EXERCISE PROMPT:
Exclude the pictures and retype the entries as written.

INPUT RECORDS:

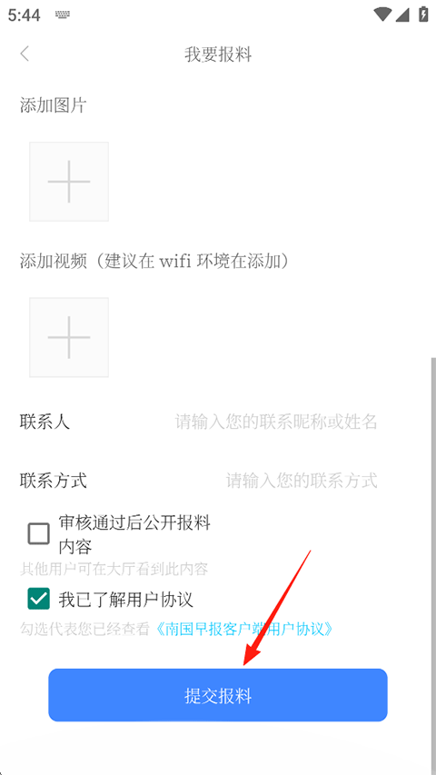 4、输入填写投稿详情,可以输入文字、上传图片、视频等文件;
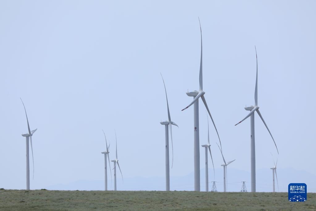 這是2021年5月24日在哈薩克斯坦扎納塔斯拍攝的風(fēng)電場的風(fēng)機(jī)。新華社發(fā)(奧斯潘諾夫攝)
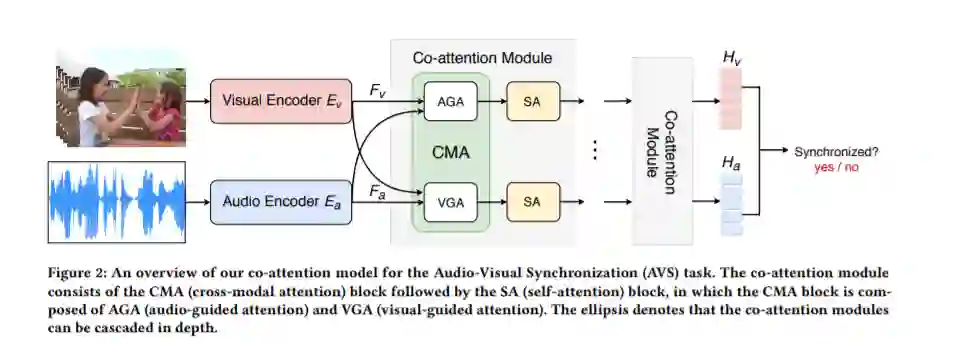 在观看视频时,视觉事件的发生往往伴随着声音事件,如唇动的声音,乐器演奏的音乐。视听事件之间存在着一种潜在的相关性,通过解决视听同步的代理任务,可以将其作为自监督信息来训练神经网络。在本文中,我们提出了一种新的带有共同注意力机制的自监督框架来学习无标记视频中的通用跨模态表示,并进一步使下游任务受益。具体而言,我们探讨了三个不同的共注意模块,以关注与声音相关的区分视觉区域,并介绍它们之间的相互作用。实验表明,与现有方法相比,我们的模型在参数较少的情况下,取得了较好的效果。为了进一步评估我们方法的可推广性和可迁移性,我们将预训练的模型应用于两个下游任务,即声源定位和动作识别。大量的实验表明,我们的模型可以提供与其他自监督方法竞争的结果,也表明我们的方法可以处理具有挑战性的场景包含多个声源。
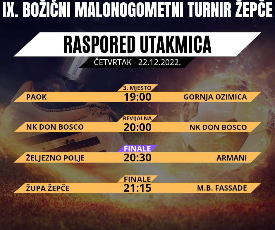 Večeras je na programu završna večer 9. Božićnog malonogometnog humanitarnog turnira Žepče 2022.
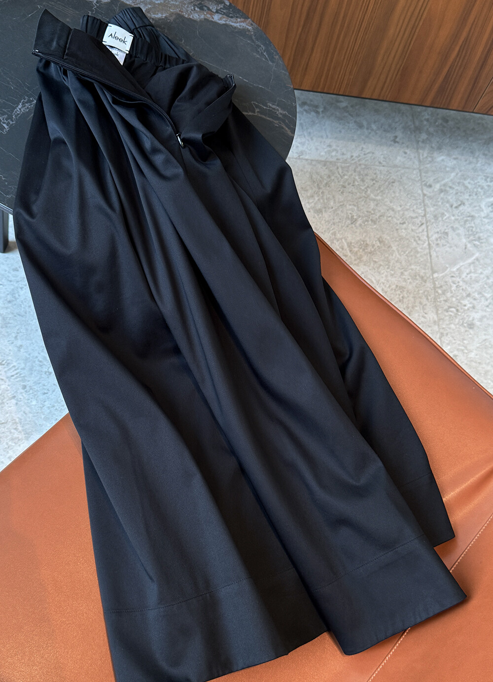 Aleek Satin Cotton Banding Full Skirt_Vanta Black은 1:1 오더 제작 상품으로 주문변경, 취소, 환불이 불가하며, 하단의 박스안의 교환 및 반품 안내문은 꼭 읽어 주시고 구매 부탁 드립니다.
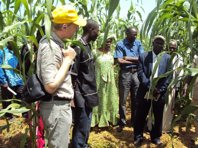 トウモロコシ畑を訪問。地元農家は従来農法と比較した新技術の効果を自らの目で確認できる。
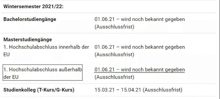 申请提示:2021年冬季学期的申请是6月1号开始,截止日期目前官网还未更新。(之前针对非欧盟的申请时间,冬季学期是1月15日截止,夏季是7月15截止,跟正常的申请时间完全对调了)
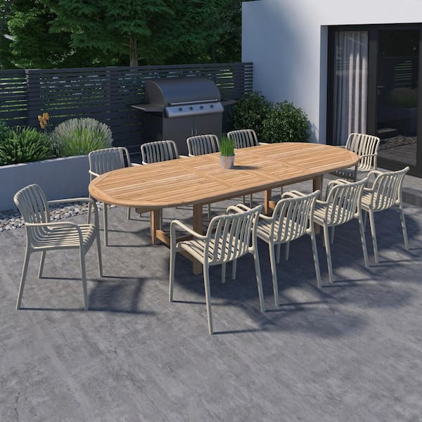 Elmina 11-Piece Solid Teak Wood 100% FSC Oval Patio Dining Set Sand

PROBLEM SOLUTION:
 4、输入填写投稿详情,可以输入文字、上传图片、视频等文件;
 這是2021年5月24日在哈薩克斯坦扎納塔斯拍攝的風(fēng)電場的風(fēng)機(jī)。新華社發(fā)(奧斯潘諾夫攝)
 在观看视频时,视觉事件的发生往往伴随着声音事件,如唇动的声音,乐器演奏的音乐。视听事件之间存在着一种潜在的相关性,通过解决视听同步的代理任务,可以将其作为自监督信息来训练神经网络。在本文中,我们提出了一种新的带有共同注意力机制的自监督框架来学习无标记视频中的通用跨模态表示,并进一步使下游任务受益。具体而言,我们探讨了三个不同的共注意模块,以关注与声音相关的区分视觉区域,并介绍它们之间的相互作用。实验表明,与现有方法相比,我们的模型在参数较少的情况下,取得了较好的效果。为了进一步评估我们方法的可推广性和可迁移性,我们将预训练的模型应用于两个下游任务,即声源定位和动作识别。大量的实验表明,我们的模型可以提供与其他自监督方法竞争的结果,也表明我们的方法可以处理具有挑战性的场景包含多个声源。
 Večeras je na programu završna večer 9. Božićnog malonogometnog humanitarnog turnira Žepče 2022.
 Aleek Satin Cotton Banding Full Skirt_Vanta Black은 1:1 오더 제작 상품으로 주문변경, 취소, 환불이 불가하며, 하단의 박스안의 교환 및 반품 안내문은 꼭 읽어 주시고 구매 부탁 드립니다.
 トウモロコシ畑を訪問。地元農家は従来農法と比較した新技術の効果を自らの目で確認できる。
 申请提示:2021年冬季学期的申请是6月1号开始,截止日期目前官网还未更新。(之前针对非欧盟的申请时间,冬季学期是1月15日截止,夏季是7月15截止,跟正常的申请时间完全对调了)
 Elmina 11-Piece Solid Teak Wood 100% FSC Oval Patio Dining Set Sand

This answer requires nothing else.